**WHAT IS BEING ASKED**
All lines from the one that has "Com textura e" onward to the end of the records below are to be returned exactly; pictures are to be skipped.

Stored records:
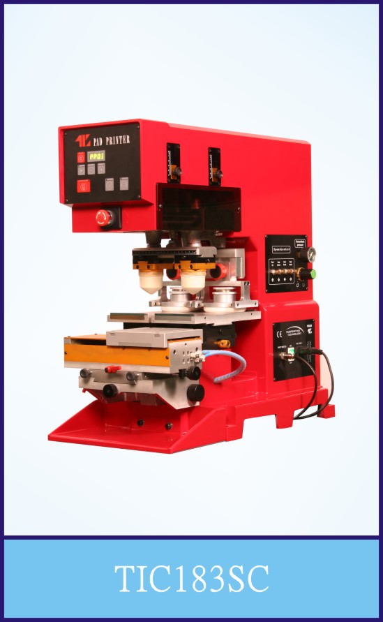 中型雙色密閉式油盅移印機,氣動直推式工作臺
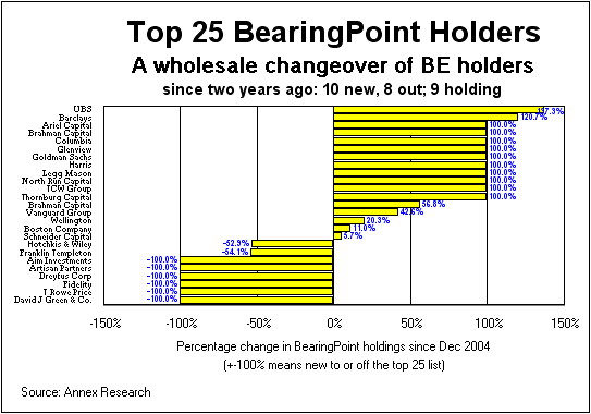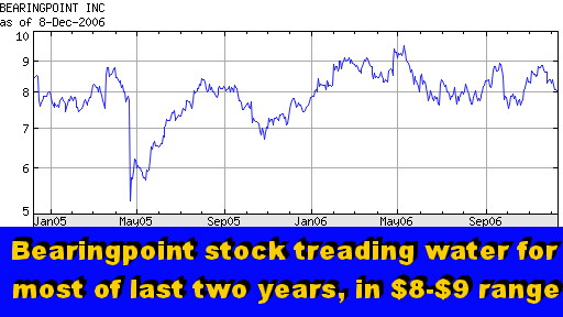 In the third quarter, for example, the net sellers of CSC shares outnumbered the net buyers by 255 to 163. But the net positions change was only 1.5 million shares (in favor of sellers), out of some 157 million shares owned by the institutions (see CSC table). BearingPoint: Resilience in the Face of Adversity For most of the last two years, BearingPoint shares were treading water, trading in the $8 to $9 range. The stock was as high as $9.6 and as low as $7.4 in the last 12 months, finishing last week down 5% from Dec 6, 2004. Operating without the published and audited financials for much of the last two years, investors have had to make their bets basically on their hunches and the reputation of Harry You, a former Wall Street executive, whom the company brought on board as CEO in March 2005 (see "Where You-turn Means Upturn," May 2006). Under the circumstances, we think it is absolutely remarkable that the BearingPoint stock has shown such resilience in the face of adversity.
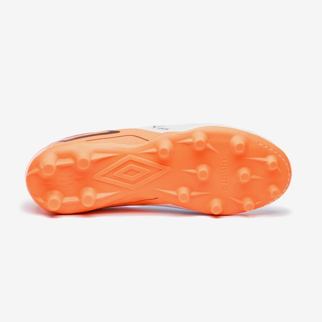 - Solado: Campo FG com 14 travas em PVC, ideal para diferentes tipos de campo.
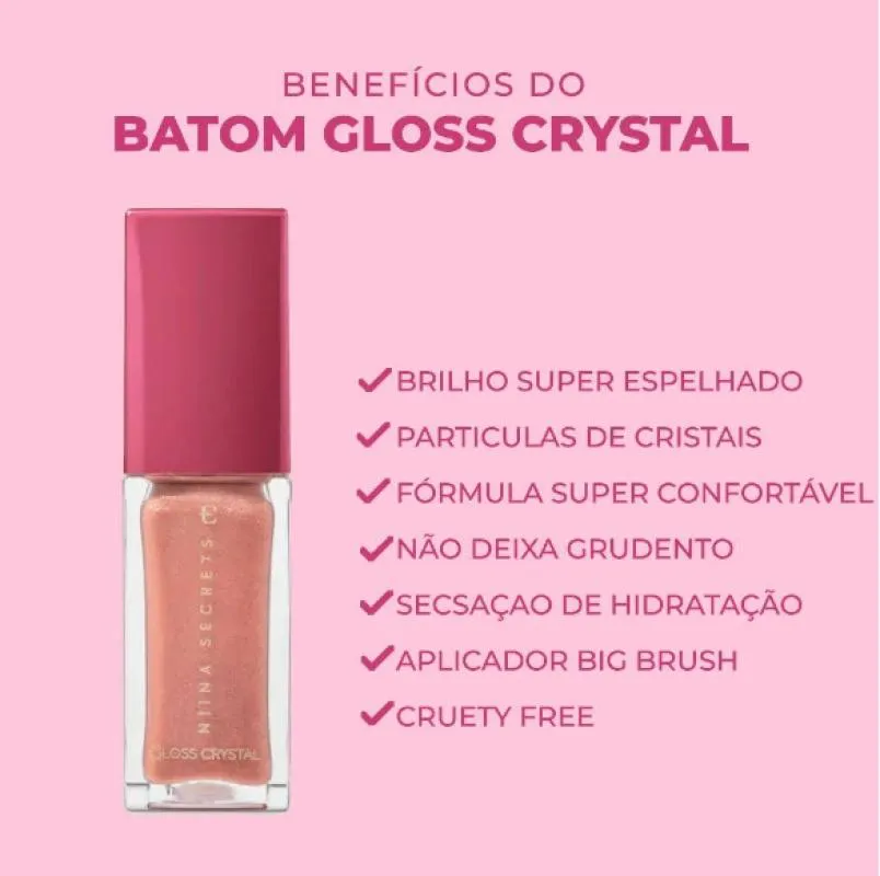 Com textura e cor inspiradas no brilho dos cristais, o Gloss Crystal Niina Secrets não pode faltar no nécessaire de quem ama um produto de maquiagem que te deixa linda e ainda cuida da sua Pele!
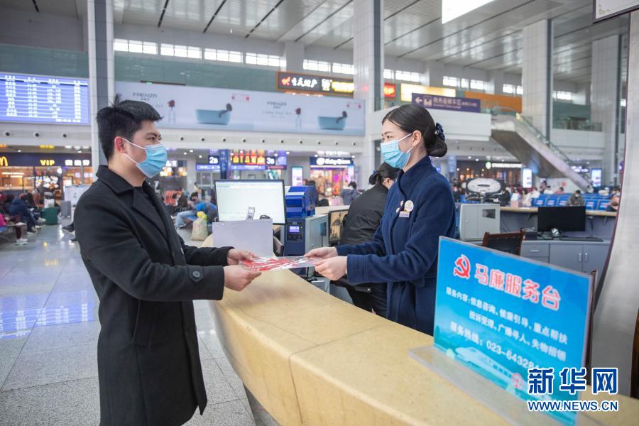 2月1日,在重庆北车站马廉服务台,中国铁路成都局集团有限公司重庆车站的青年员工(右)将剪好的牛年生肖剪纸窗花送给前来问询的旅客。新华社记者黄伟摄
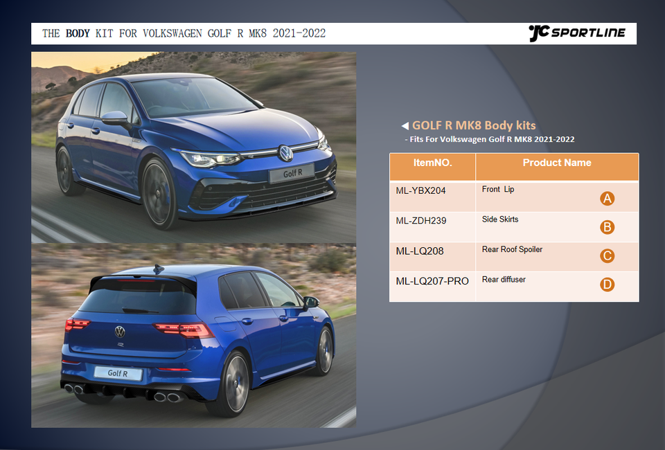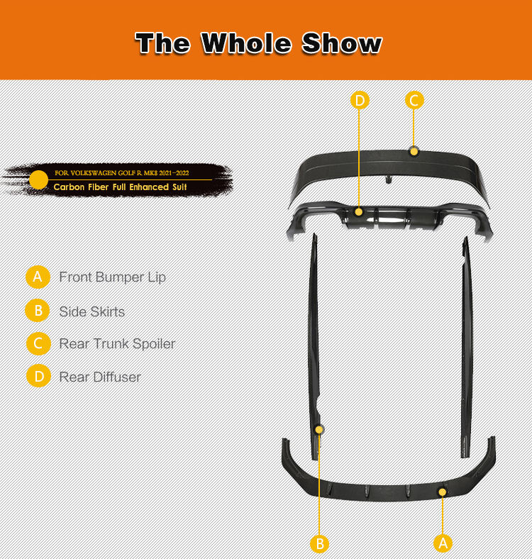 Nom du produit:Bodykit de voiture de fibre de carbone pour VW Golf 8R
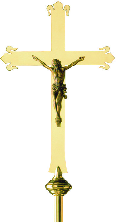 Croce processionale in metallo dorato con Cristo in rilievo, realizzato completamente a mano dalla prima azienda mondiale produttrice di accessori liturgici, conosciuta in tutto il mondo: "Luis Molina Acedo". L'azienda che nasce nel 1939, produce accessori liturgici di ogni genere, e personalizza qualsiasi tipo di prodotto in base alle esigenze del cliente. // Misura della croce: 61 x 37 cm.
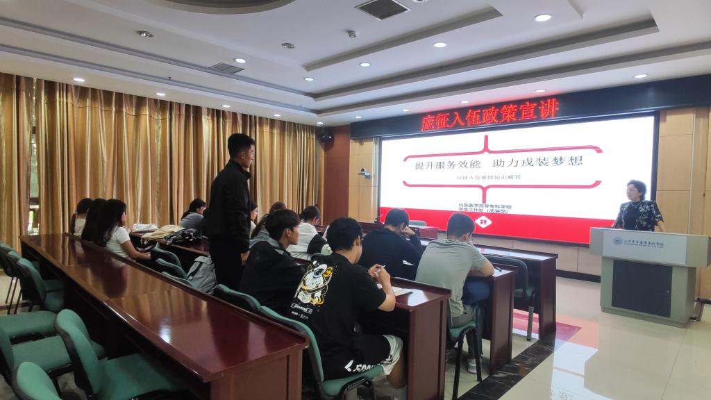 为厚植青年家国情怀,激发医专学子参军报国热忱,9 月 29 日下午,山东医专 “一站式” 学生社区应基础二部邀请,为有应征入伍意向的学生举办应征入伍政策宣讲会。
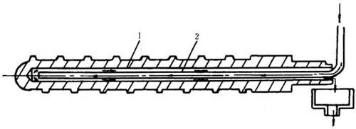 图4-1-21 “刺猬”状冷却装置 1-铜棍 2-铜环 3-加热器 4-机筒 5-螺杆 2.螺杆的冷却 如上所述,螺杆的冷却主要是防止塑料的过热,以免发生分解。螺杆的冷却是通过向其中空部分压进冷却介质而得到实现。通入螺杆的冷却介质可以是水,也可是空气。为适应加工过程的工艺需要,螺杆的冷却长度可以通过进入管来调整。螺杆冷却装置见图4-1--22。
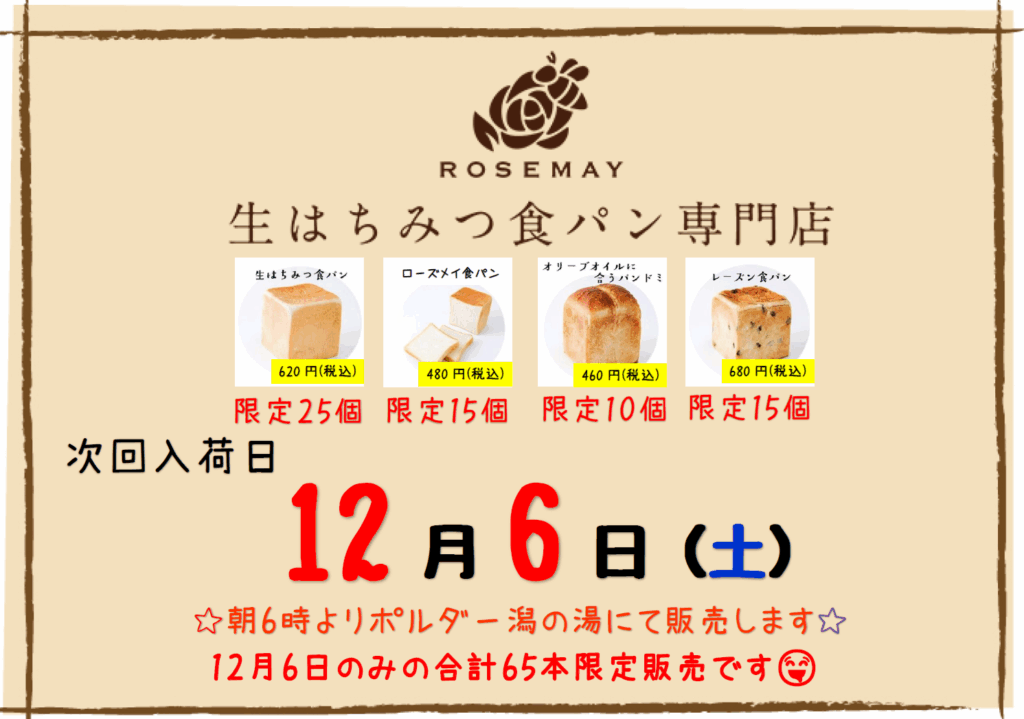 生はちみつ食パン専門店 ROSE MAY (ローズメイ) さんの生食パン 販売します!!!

**SOLUTION TO THIS PROBLEM**
 Com textura e cor inspiradas no brilho dos cristais, o Gloss Crystal Niina Secrets não pode faltar no nécessaire de quem ama um produto de maquiagem que te deixa linda e ainda cuida da sua Pele!
 2月1日,在重庆北车站马廉服务台,中国铁路成都局集团有限公司重庆车站的青年员工(右)将剪好的牛年生肖剪纸窗花送给前来问询的旅客。新华社记者黄伟摄
 Nom du produit:Bodykit de voiture de fibre de carbone pour VW Golf 8R
 Croce processionale in metallo dorato con Cristo in rilievo, realizzato completamente a mano dalla prima azienda mondiale produttrice di accessori liturgici, conosciuta in tutto il mondo: "Luis Molina Acedo". L'azienda che nasce nel 1939, produce accessori liturgici di ogni genere, e personalizza qualsiasi tipo di prodotto in base alle esigenze del cliente. // Misura della croce: 61 x 37 cm.
 为厚植青年家国情怀,激发医专学子参军报国热忱,9 月 29 日下午,山东医专 “一站式” 学生社区应基础二部邀请,为有应征入伍意向的学生举办应征入伍政策宣讲会。
 图4-1-21 “刺猬”状冷却装置 1-铜棍 2-铜环 3-加热器 4-机筒 5-螺杆 2.螺杆的冷却 如上所述,螺杆的冷却主要是防止塑料的过热,以免发生分解。螺杆的冷却是通过向其中空部分压进冷却介质而得到实现。通入螺杆的冷却介质可以是水,也可是空气。为适应加工过程的工艺需要,螺杆的冷却长度可以通过进入管来调整。螺杆冷却装置见图4-1--22。
 生はちみつ食パン専門店 ROSE MAY (ローズメイ) さんの生食パン 販売します!!!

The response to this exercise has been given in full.